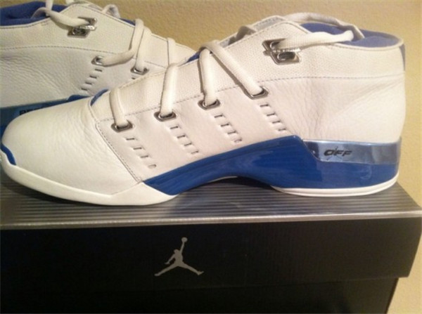Air Jordan 17鞋款在市面已经非常少见了,复刻次数比较少也是原因之一,但不可否认的是它绝对是整个乔丹系列鞋款中非常重磅的一款球鞋。作为在奇才效力阶段的战靴,Air Jordan 17对于Jordan的拥趸有着不同的意义。图中这双 Air Jordan 17 Low 鞋面使用白色皮革,蓝色点缀后跟和细节,目前鞋款在eBay拍卖,有兴趣的朋友可以关注一下。
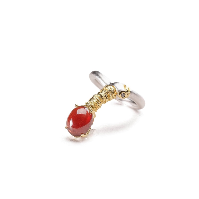 Snaking out with delicate power thisgarnet holds warm fire that creates an enchanting mood. A conflicting jewel of cubic zirconia trails behind amidst the overlapping gold threads. The heat and sparkle of this gemstone is truly unique.Details:Metal: 925 Si
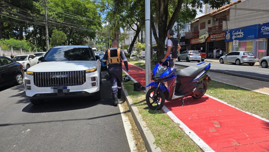 No início da tarde deste sábado (29), um acidente foi registrado na avenida Presidente Vargas, em Passo Fundo, próximo ao bairro São Cristóvão. Um veículo Jaecoo, de cor branca e placas padrão Mercosul, seguia no sentido centro-bairro quando uma motocicleta Yamaha LED, azul, conduzida por uma mulher com uma criança de carona, trafegava pelo corredor da avenida entre os veículos.
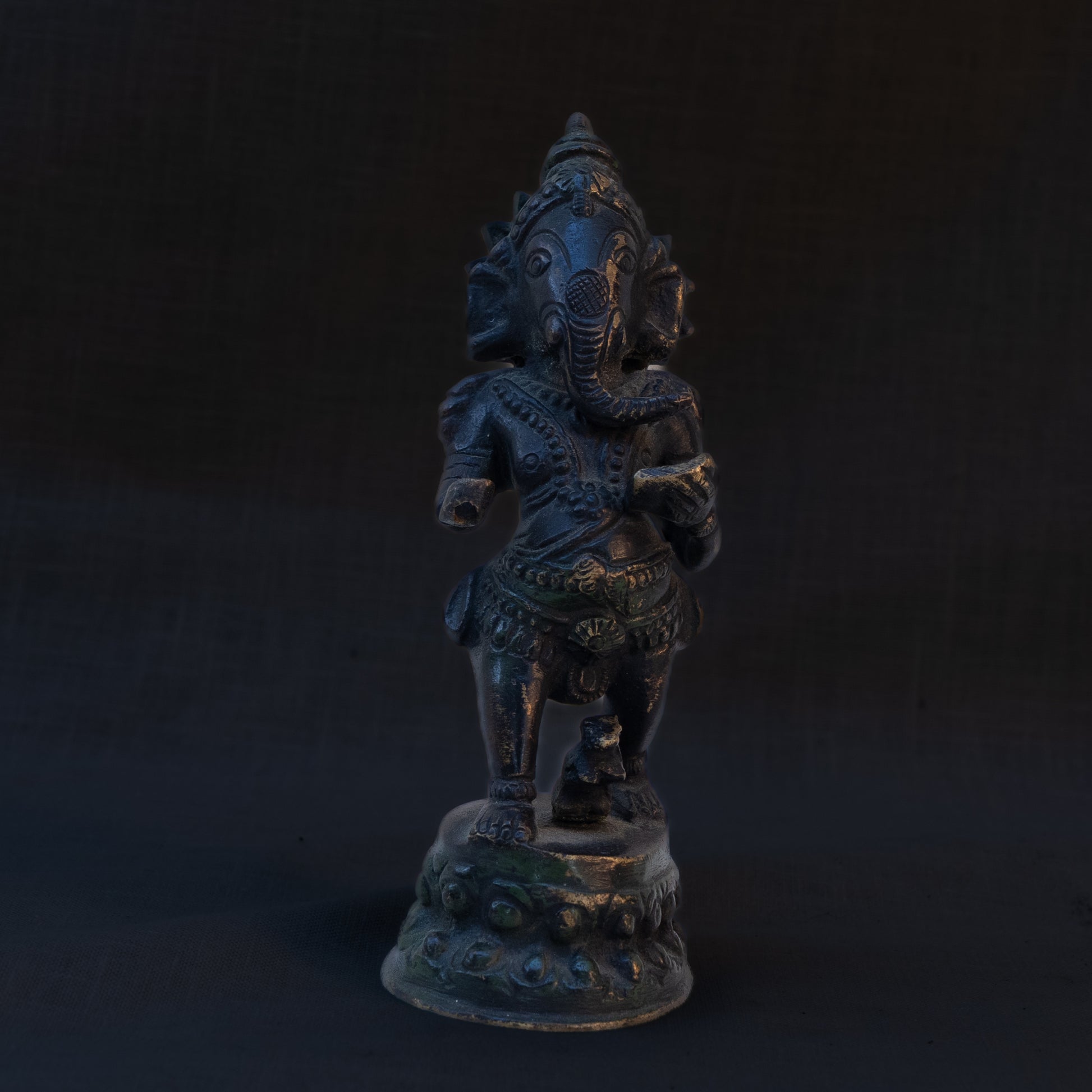Embrace the divine presence with this Standing Ganesha Bronze sculpture. Crafted with meticulous detail, this bronze piece captures the essence of the revered Hindu deity, Ganesha. The standing posture exudes grace and strength, while the bronze material adds a touch of timeless sophistication. The intricate detailing on the sculpture, from the gentle curves to the symbolic attributes, showcases the artisan's skill in bringing this sacred figure to life. Elevate your space with the spiritual energy embodied in this Standing Ganesha Bronze. Whether as a centerpiece or a thoughtful addition to your collection, this sculpture invites the blessings and wisdom associated with Lord Ganesha into your home. Embrace the divine with this beautifully crafted and spiritually significant bronze masterpiece.

Work instructions: Could you copy the lines above exactly and skip the images?

Solved problem:
Air Jordan 17鞋款在市面已经非常少见了,复刻次数比较少也是原因之一,但不可否认的是它绝对是整个乔丹系列鞋款中非常重磅的一款球鞋。作为在奇才效力阶段的战靴,Air Jordan 17对于Jordan的拥趸有着不同的意义。图中这双 Air Jordan 17 Low 鞋面使用白色皮革,蓝色点缀后跟和细节,目前鞋款在eBay拍卖,有兴趣的朋友可以关注一下。
 Snaking out with delicate power thisgarnet holds warm fire that creates an enchanting mood. A conflicting jewel of cubic zirconia trails behind amidst the overlapping gold threads. The heat and sparkle of this gemstone is truly unique.Details:Metal: 925 Si
 No início da tarde deste sábado (29), um acidente foi registrado na avenida Presidente Vargas, em Passo Fundo, próximo ao bairro São Cristóvão. Um veículo Jaecoo, de cor branca e placas padrão Mercosul, seguia no sentido centro-bairro quando uma motocicleta Yamaha LED, azul, conduzida por uma mulher com uma criança de carona, trafegava pelo corredor da avenida entre os veículos.
Embrace the divine presence with this Standing Ganesha Bronze sculpture. Crafted with meticulous detail, this bronze piece captures the essence of the revered Hindu deity, Ganesha. The standing posture exudes grace and strength, while the bronze material adds a touch of timeless sophistication. The intricate detailing on the sculpture, from the gentle curves to the symbolic attributes, showcases the artisan's skill in bringing this sacred figure to life. Elevate your space with the spiritual energy embodied in this Standing Ganesha Bronze. Whether as a centerpiece or a thoughtful addition to your collection, this sculpture invites the blessings and wisdom associated with Lord Ganesha into your home. Embrace the divine with this beautifully crafted and spiritually significant bronze masterpiece.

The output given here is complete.